Recordei a sugestão ao procurar, não faz muito tempo, um figurão desta praça. Embora a consulta estivesse marcada para as quatro da tarde, ele me recebeu quando faltavam 15 para as cinco. Encontrei-o metido no imaculado avental característico da profissão. O Doutor X. estendeu-me a ponta dos dedos. Ensaiei um diálogo ameno a que o luminar contribuiu com monossílabos. Indagou direto e seco as razões de minha visita e, enquanto eu explicava, sacou uma caneta Montblanc e tomou notas num fichário ostentoso. Submeteu-me a um interrogatório recheado de preciosismos científicos e ao fim e ao cabo prescreveu-me uma batelada de exames, instruindo-me, presumido e grave, que me entendesse a respeito com sua secretária. Não sorriu uma única vez, não externou qualquer gesto de simpatia. Se eu tivesse de pintar naquele momento o retrato sem retoque da pretensão e da suficiência, não teria descoberto mais pronto e acabado modelo. O sujeito parecia absolutamente convicto de que tinha o rei na barriga. Em imediata retribuição a seus modos majestáticos, encestei no lixo, ao retirar-me, com a pontaria de um astro do basquete, a bolota de papel armada com suas requisições. Segundo inferi depois, meus males não eram sérios, tanto que continuo vivo e em excelente forma.

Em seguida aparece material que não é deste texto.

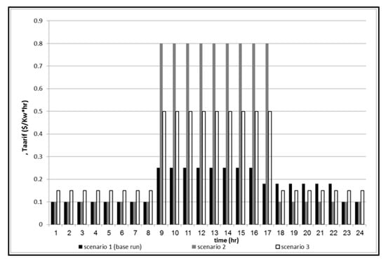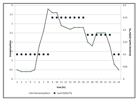 The results in Table 2 will be used as reference results, and will be considered as known and constant values in the optimization process described in Figure 2. In order to generate a conflict between the leakage and energy cost, the demand pattern has been changed significantly (the multiplier of the base demand was increased). The energy tariffs and the demand pattern are described in Figure 6. A diurnal variation in the demand was considered, as depicted in Figure 6. For analysis, the pumping station was extended into three units, as described in Figure 7. The modified network (compared to Figure 3) with pumps and diurnal demand pattern is renamed as net 1-c.
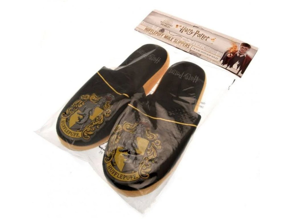 Nazouvací trepky s grafikou kolejí Mrzimor (Hufflepuff) z Bradavické školy čar a kouzel ze světa Harryho Pottera. Trepky poskytují pohodlí pro každého fanouška, který chce využít kouzlo teplých nožiček.
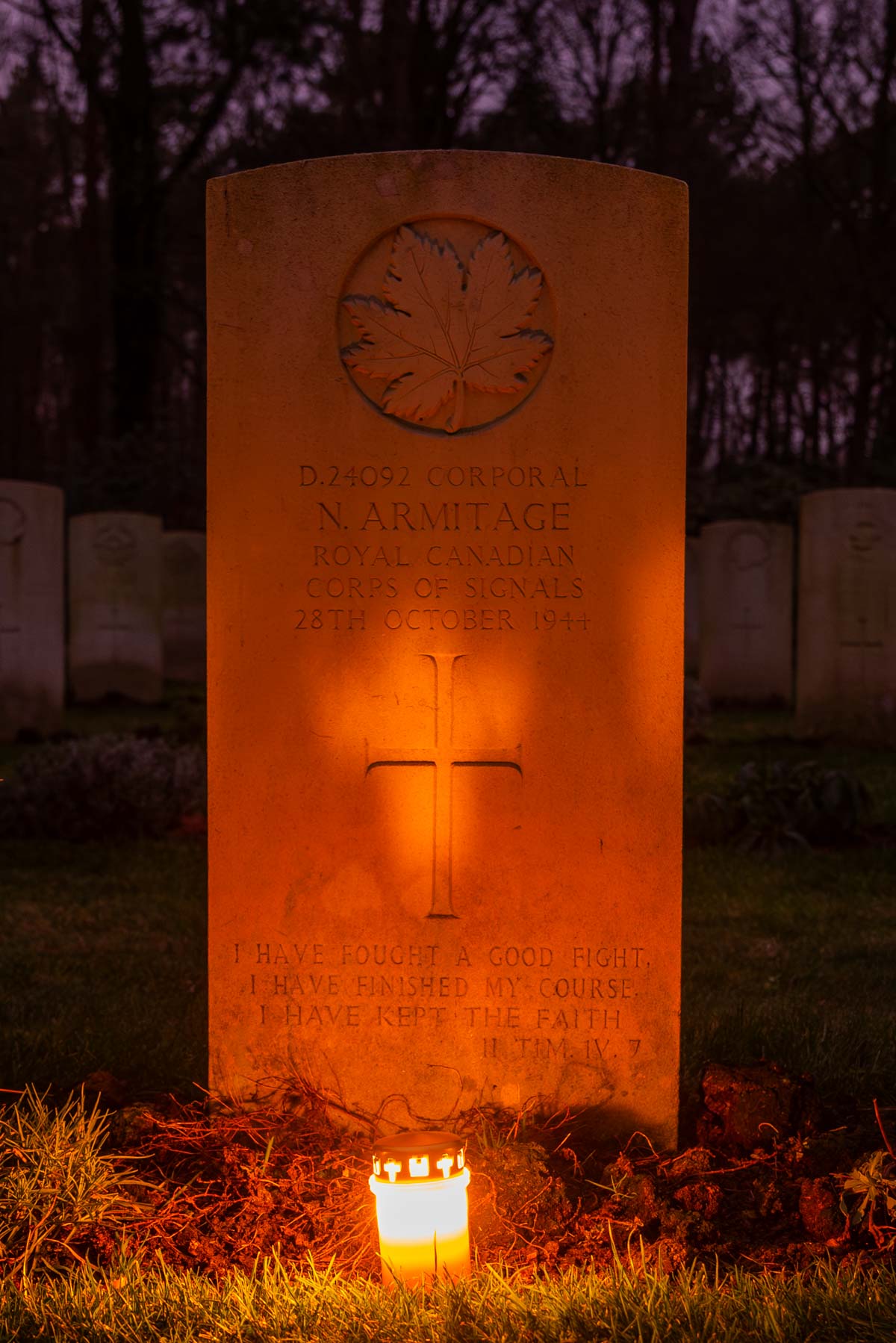 Parents: Walter et Mary Elaine ArmitageDate de décès (jj-mm-aaaa): 28-10-1944Âge au décès: 28 ansRaison du décès: Le Brencarrier a roulé sur une mine.Lieu présumé du décès: La rue actuelle Koedijk à KrabbendijkeCimetière temporaire: KrabbendijkeDernier cimetière: Canadian War CemeteryNuméro de tombe (plot, file, tombe): 07 C 11Rang: CorporalNuméro de service: D/24092Pays desservi: Canada
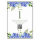 This sign is elegant and chic with flowing natural greenery and multi-hued blue hydrangeas. The font is modern and crisp making it easy for your guests to see the table numbers at your reception. It has a request for photo sharing to your wedding website by using your qr code. Guests will love sharing their beautiful photos with you. To create your table number signs simply select Personalize this template and type in your table number, type in your qr code URL, one at a time and add them in your cart. One per table number. Then repeat until you have all your table number cards. It will literally take you seconds to create each one.
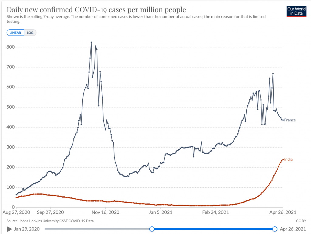 350 000 nouveau cas hier. Bigre. Et chez nous ? Depuis 1 mois, nous avons une moyenne de près de 35 000 cas / jour, plus de 20 000 / jour les 2 mois précédents, et un pic de 86 850 cas le 7 novembre 2020. France 67 millions d’habitants, Inde 1 375 millions, soit 20 fois plus. S’ils en sont à 350 000 cas / jour, à population égale, nous sommes à 700 000 cas /jour, soit 2 fois plus qu’eux. Pire, eux c’est un pic, un jour, nous c’est tous les jours depuis des mois, et nous aurions connu un pic à 1,74 millions le 7 novembre !
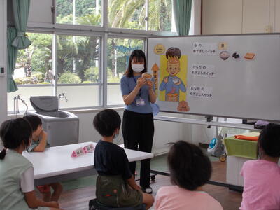 基本的な生活習慣を身に付ける段階であるこの時期に、体を清潔にすることが健康につながるということ、大切な体を清潔にする習慣や態度を養うことをねらいに授業を行いました。
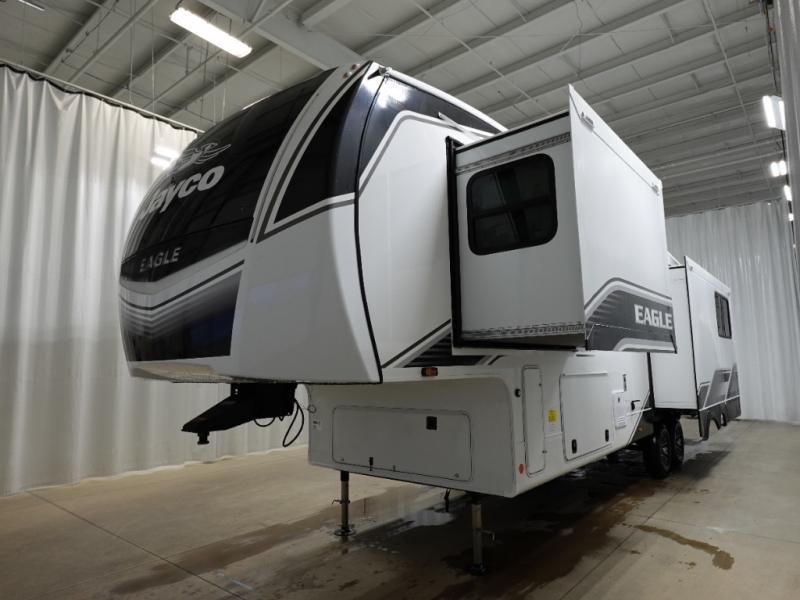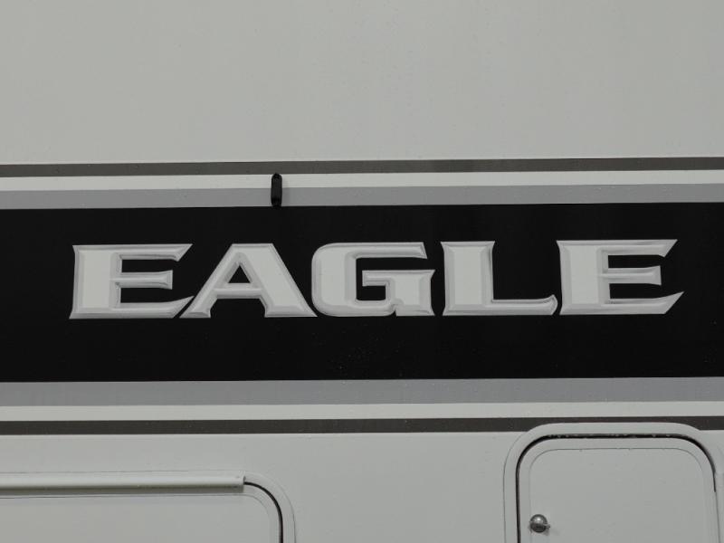 With any Eagle fifth wheel by Jayco you will appreciate durable construction materials, like the Magnum Truss Roof and the Stronghold VBL laminated walls. The JAYCOMMAND Smart RV system puts you in control of your RV's functions, and the 5 Star Handling Package will provide smooth towing from home to camp. Each model features Climate Shield zero-degree tested weather protection and the industry-exclusive HELIX cooling system that features two 15,000 BTU Whisper Quiet A/C's to keep you comfortable year around. Some of the exterior conveniences you are sure to love are the pass-through storage with Slam-Latch baggage doors and an automotive style front cap with max turn radius. The Eagle fifth wheels are designed to make you feel at home with solid hardwood slide fascia, residential vinyl flooring throughout, 100% no floor vents, and blackout roller shades with reflective side throughout for added privacy and insulation.
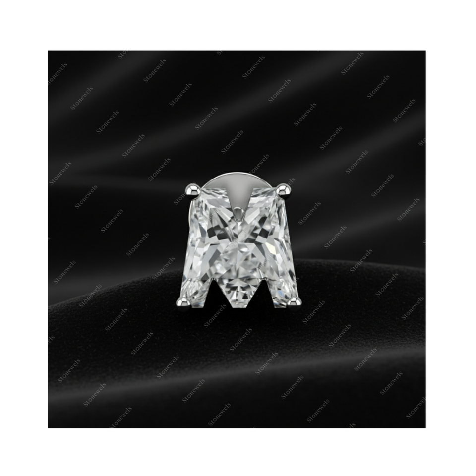 ต่างหูเพชรรูปตัวอักษร M แบบเรขาคณิต ทำจากเพชรสังเคราะห์คุณภาพสูง
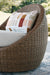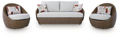 Poolside comfort and style have never been so chic. With this outdoor loveseat and swivel chairs set, lounging alfresco is effortlessly cool. The woven resin wicker combines intricate beauty with a dose of durability. High-performing fabric helps to keep pillows and cushions looking fresh over time. And with the swivel chairs' rounded silhouettes, luxe outdoor living is within easy reach.
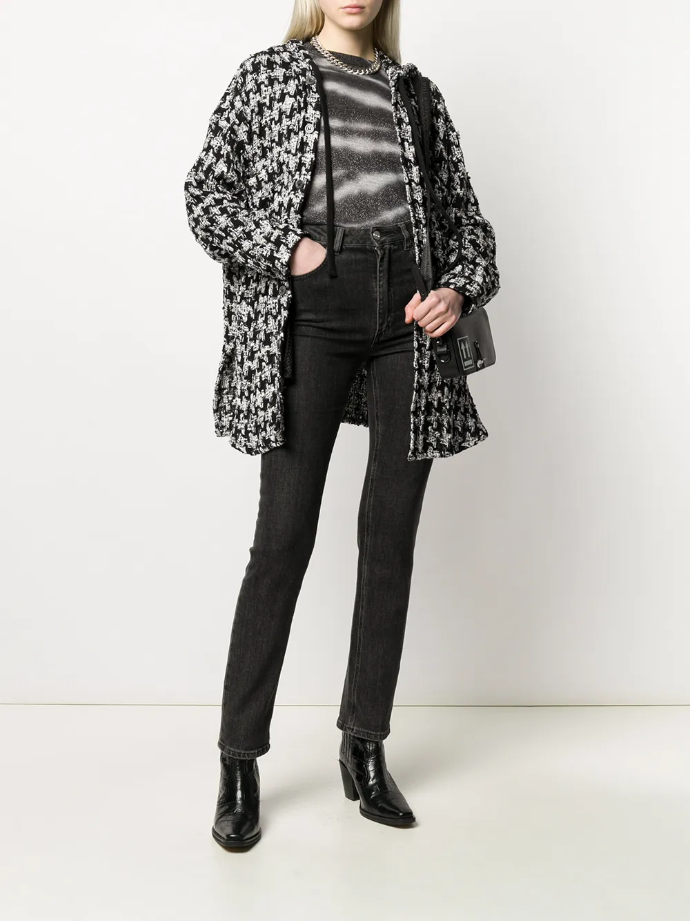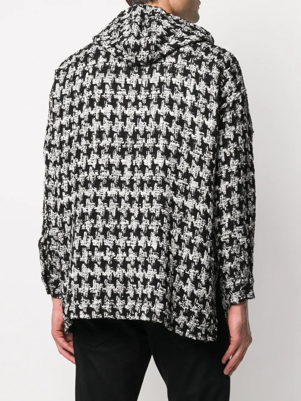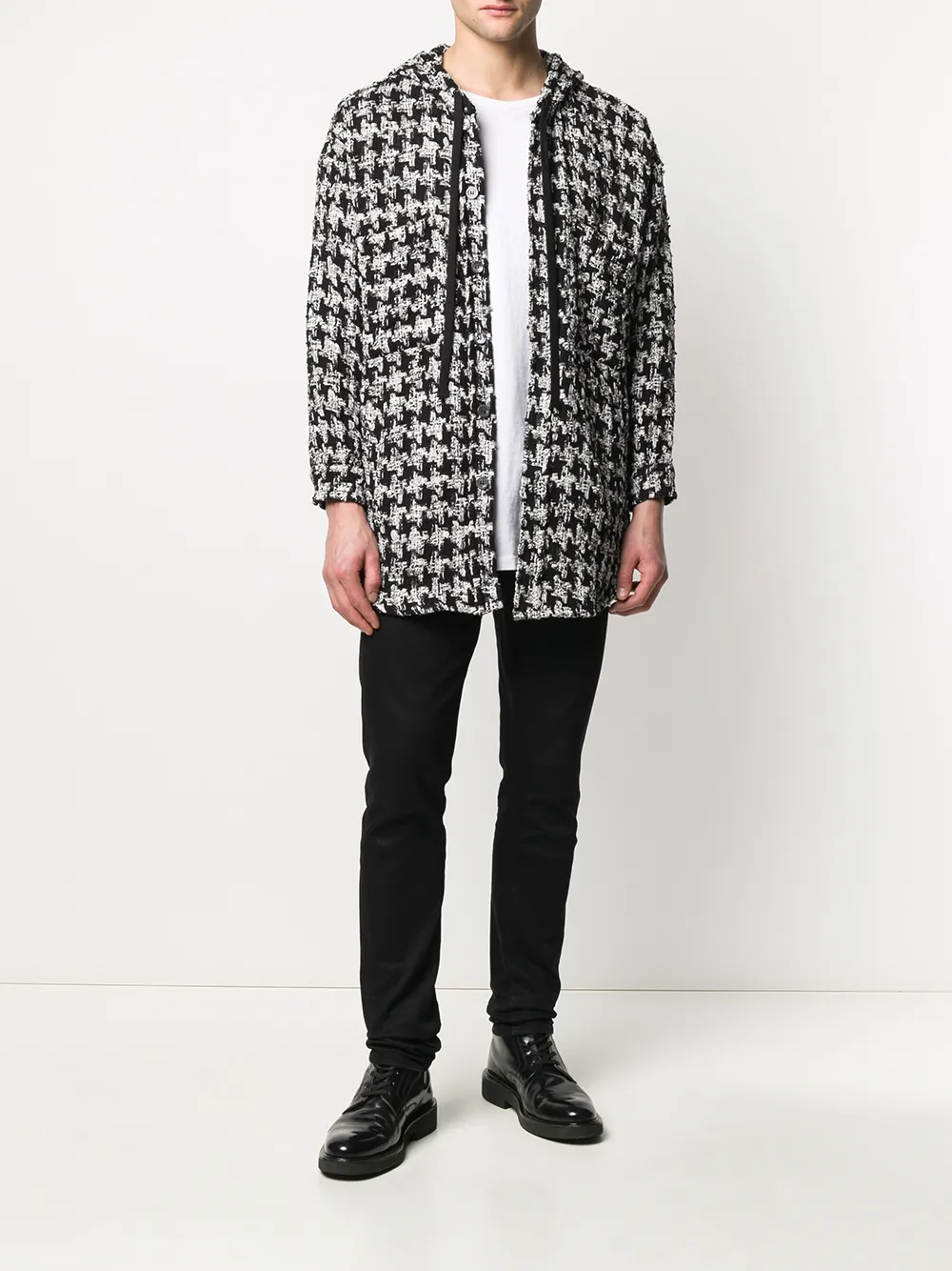 Твидовая куртка с капюшоном от Faith Connexion. Узор в ломаную клетку, капюшон на шнурке, застежка на пуговицах спереди, свободный крой, разрезы по бокам, приспущенные плечи, длинные рукава и манжеты на пуговицах.
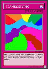 RAOD-EN010: Flanksgiving Normal Trap When an opponent's monster targets an Attack Position "My Pudgyville Pony" monster you control for an attack: Target that "My Pudgyville Pony" monster; change it to Defense Position, and if you do, negate the attack. Common |
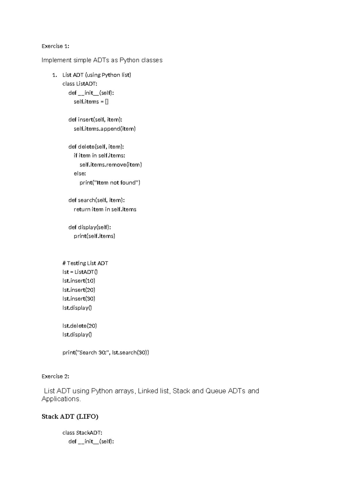 DS Ex(1-6) Lab Manual: Implementing ADTs & Algorithms in Python - Studocu
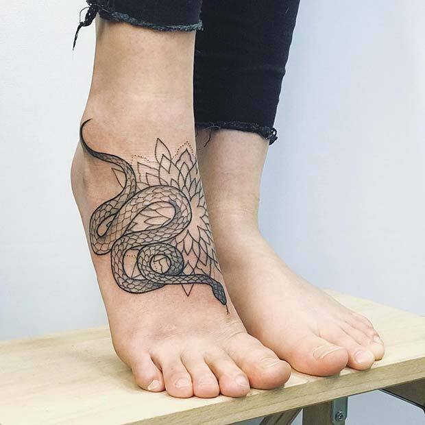 TRENDY SNAKE FOOT TATTOO IDEA
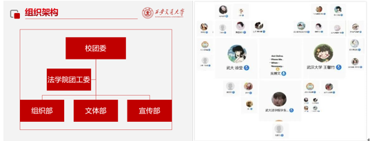 紧接着武汉大学B体育(中国)研究生会主席王馨竹也介绍了武大B体育(中国)研会的组织架构和职责分工,武大B体育(中国)研会始终秉承“自强、求是、弘毅、拓新”的武大精神,为法苑学子提供全方位的服务,调整后的团委及研究生会部门共有10个,包括宣传部、法律实践中心、秘书处、学术编辑部、文艺部、心理部、体育部、权益中心、外联部、就业服务中心。各部门负责人轮流详细介绍了所在部门的日常工作和举办的经典活动,权益中心的权益简报、校领导接待日,秘书处的模拟法庭比赛,外联部的线上自习室、学术编辑部的征文比赛等活动都引起了交大同学们的浓厚兴趣,双方就举办活动中的宣传方案、经费来源、激励机制、时间安排以及学业压力等细节问题进行了深入的探讨。
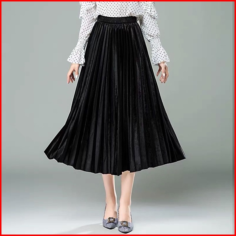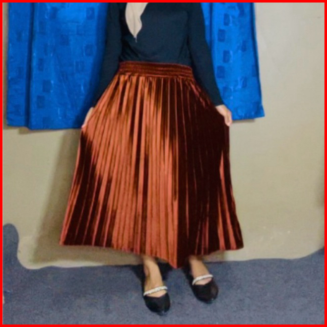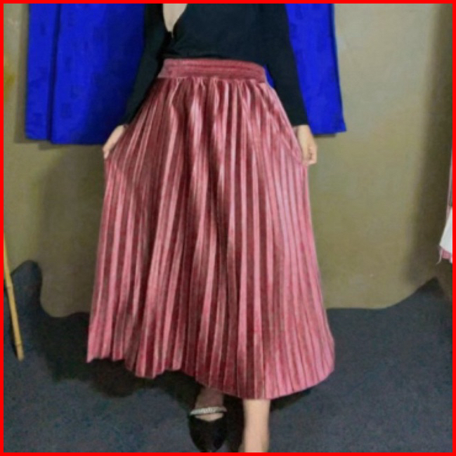 Rok Plisket Velvet Bludru Pendek 7 8 Bludru Velvet Premium
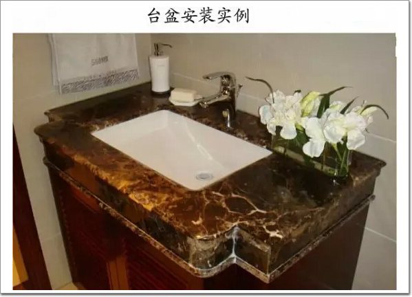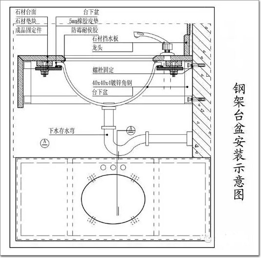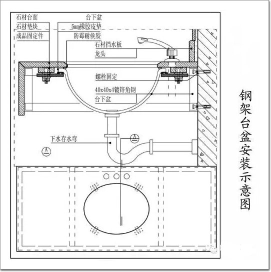 (2)臺盆固定于固定構件上,固定構建與石材墊塊用不銹鋼或鍍鋅螺栓固定,墊塊背面及臺面粘結部位需經打毛處理用大理石膠粘接固定,臺盆與固定構件連接處需用橡皮墊塊,臺盆與臺面板下沿口用耐候膠密封。
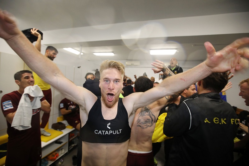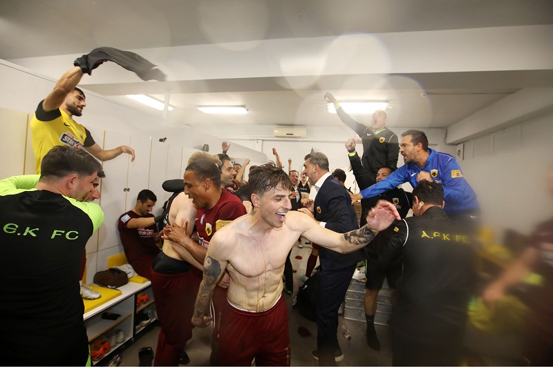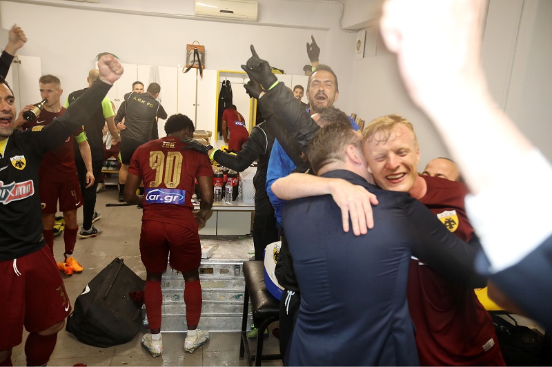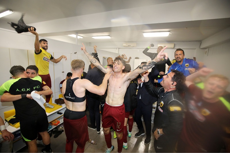 Μετά το τέλος του ματς στη Θεσσαλονίκη για την 9η και προτελευταία αγωνιστική των πλέι οφ της Stoiximan Super League, οι παίκτες της ΑΕΚ το πανηγύρισαν με την ψυχή τους τόσο στο γήπεδο… χορεύοντας υπό βροχή όσο και στα αποδυτήρια του «Κλεάνθης Βικελίδης». Πλέον η ομάδα του Ματίας Αλμέιδα χρειάζεται ένα βαθμό με τον Βόλο για να κλειδώσει και μαθηματικά τον τίτλο.
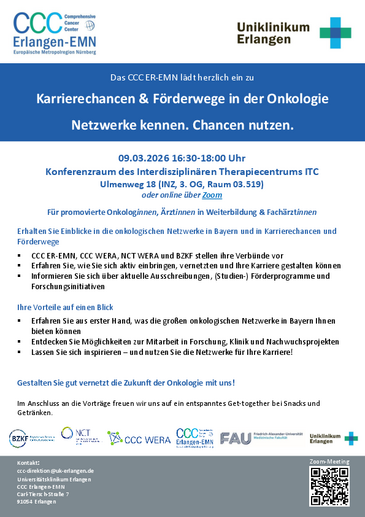 Am 9. März 2026 lud das CCC Erlangen-EMN zur Veranstaltung „Karrierechancen & Förderwege in der Onkologie – Netzwerke kennen. Chancen nutzen.“ in das Interdisziplinäre Therapiecentrum (ITC) in Erlangen ein. Zahlreiche interessierte promovierte Onkologinnen, Ärztinnen in Weiterbildung sowie Fachärztinnen nahmen vor Ort und online teil, um sich über Karrierewege und Fördermöglichkeiten in der onkologischen Forschung und Versorgung zu informieren.

Ora, aconteceu que poucos dias depois, fui apresentado ao Lord Mayor of the city of London, sheriff Ian Luder. A ocasião era formal, mas em determinada altura batemos um papo de cinco minutos. O nobre inglês era a simplicidade em pessoa, apesar de correrem em suas veias rios de sangue azul.

Evoquei mais tarde uma observação de meu amigo Fernando Bicudo, sobre sua passagem pelo Teatro Municipal do Rio de Janeiro e, mais tarde, pelo Teatro Arthur Azevedo, em São Luís. Como eu estava querendo saber se os artistas mundialmente consagrados que se exibiram aqui eram muito cheios de si, Bicudo disparou um largo sorriso: “ – Não, PH. Um Arthur Rubinstein ou uma Aprile Millo ou um Plácido Domingos jamais bancou o importante. Os arrogantes eram sempre os medíocres”.

Conheci ao acaso, em oportunidades diversas, princesas e altas figuras da sociedade. Uma delas atendia por Princesa Dona Teresa de Orleans e Bragança. Outra, a milionária Dona Lily Marinho. E uma terceira, o bilionário indiano Ratan Tata. Todos três me trataram com polidez e cordialidade. De Dona Lily me aproximei numa convivência amável e afetuosa que dura até hoje.

Torno a rememorar neste instante o esculápio da caneta Montblanc. Só posso concluir que, se na faculdade que cursou, ensinaram noções de bom relacionamento com os pacientes, ele gazeou justo essas aulas.

Disseram-me que o Eclesiastes traz uma informação singela: o número de estultos é infinito. Já a mim ensinaram desde menino que a verdadeira grandeza se chama humildade.

2 comentários para "A grandeza se chama humildade"


  1. ANTONIO NETO

    O esqueleto de Hipócrates deve esta tremendo de indignação com esses novos médicos semi-deuses, pois esses desdoiram o juramento hipocrático e fazem de sua profissão apenas status social.

  2. Maria

    A Grandeza, atende tambem por gentileza, educaçao.E esses adjetivos,só seres humanos bem acabados,carregam em suas almas!